O consumo de álcool desregula o sistema endócrino
Embora beber moderadamente provavelmente não altere drasticamente os níveis hormonais de um indivíduo, o álcool é um desregulador do sistema endócrino. Essa desregulação, por sua vez, pode afetar os sinais de comunicação do corpo entre o sistema nervoso e sistema imunológico. Pode não parecer grande coisa, mas essas interrupções podem ser difíceis de reequilibrar.
Temos que considerar o fato de que a disrupção endócrina pode realmente elevar os níveis de estresse e as irregularidades hormonais. Dessa forma, o equilíbrio (ou desequilíbrio) hormonal faz uma enorme diferença na saúde de um indivíduo –estresse e álcool, ou simplesmente álcool em excesso, é algo que devemos evitar.
O consumo de álcool prejudica nosso sono
O álcool é um depressor e pode, inicialmente, nos ajudar a dormir, mas manter o sono é o problema. O sono é importante para a recuperação muscular e reparação dos tecidos.

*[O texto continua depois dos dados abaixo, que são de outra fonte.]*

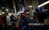 Relawan Muslims Giving membagikan makanan hangat kepada warga yang ada di Herald Square, New York. Makanan tersebut berasal dari donatur temasuk restoran makanan halal yang dimiliki relawan. (FOTO : AP Photo/Wong Maye-E)
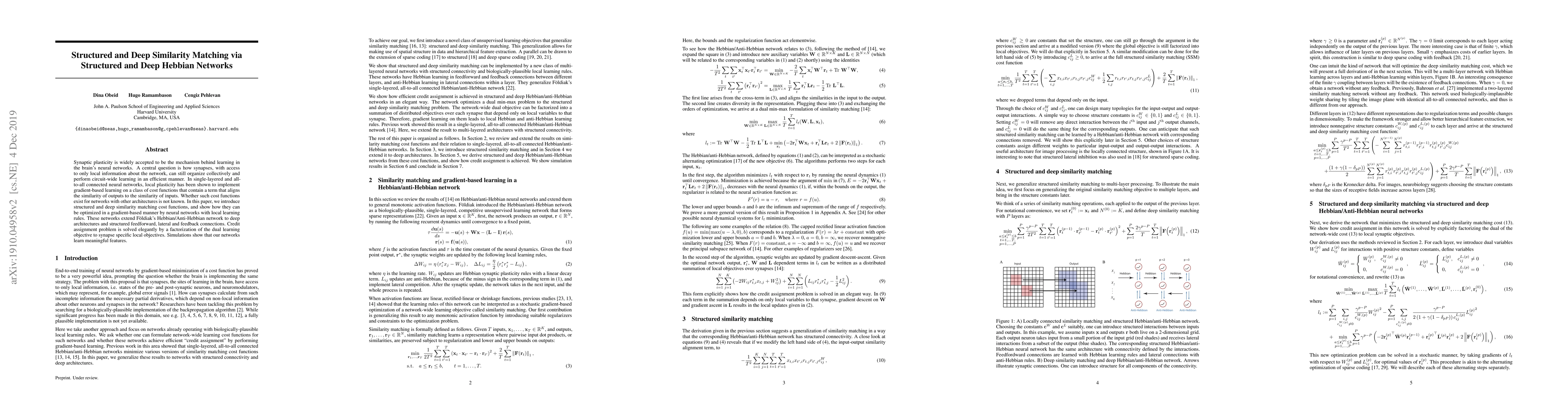This paper introduces structured and deep similarity matching cost functions that enable gradient-based learning in neural networks with local learning rules, extending Hebbian networks to deep architectures and various connection types. The proposed networks effectively solve the credit assignment problem through local objectives.

Assim, a ingestão de álcool pode interromper o sono restaurador ou REM do corpo e, sem o sono REM, você pode sentir sonolência diurna, fadiga e falta de concentração.
Estudos indicam que tomar um ou dois drinques —ou um consumo moderado de álcool — não parece prejudicar os padrões de sono. O sono prejudicado pode ocorrer com o consumo excessivo de álcool e também é aconselhável não utilizar álcool como auxílio para dormir para evitar o risco de dependência de álcool.
O álcool carece de valor nutricional
O álcool carece de valor nutricional para o corpo, ao mesmo tempo em que contribui com características que podem, na verdade, sabotar os esforços nutricionais. O consumo de álcool prejudica a absorção de nutrientes ao diminuir as enzimas digestivas e também pode danificar as células localizadas no trato digestório, afetando a absorção de nutrientes. Sem essa função normal, até mesmo alimentos saudáveis são potencialmente incapazes de serem utilizados para beneficiar o corpo.
Estudos mostram que beber em excesso pode impedir que o corpo absorva proteínas e outros nutrientes adequados —e necessitamos desses nutrientes para obter resultados ideais de condicionamento físico e para construir e manter a massa muscular.
Com base em como o álcool afeta o crescimento muscular, redução de gordura, hormônios, sono e nutrição, fica claro que a substância não contribui positivamente para os níveis gerais de saúde e condicionamento físico. Isso varia em gravidade com base na frequência e na quantidade de consumo de álcool. Por isso, se for beber, beba com moderação.
*O conteúdo dessa matéria tem caráter informativo e não substitui a avaliação de Profissionais da Saúde.
** Este texto não reflete, necessariamente, a opinião do IstoÉ.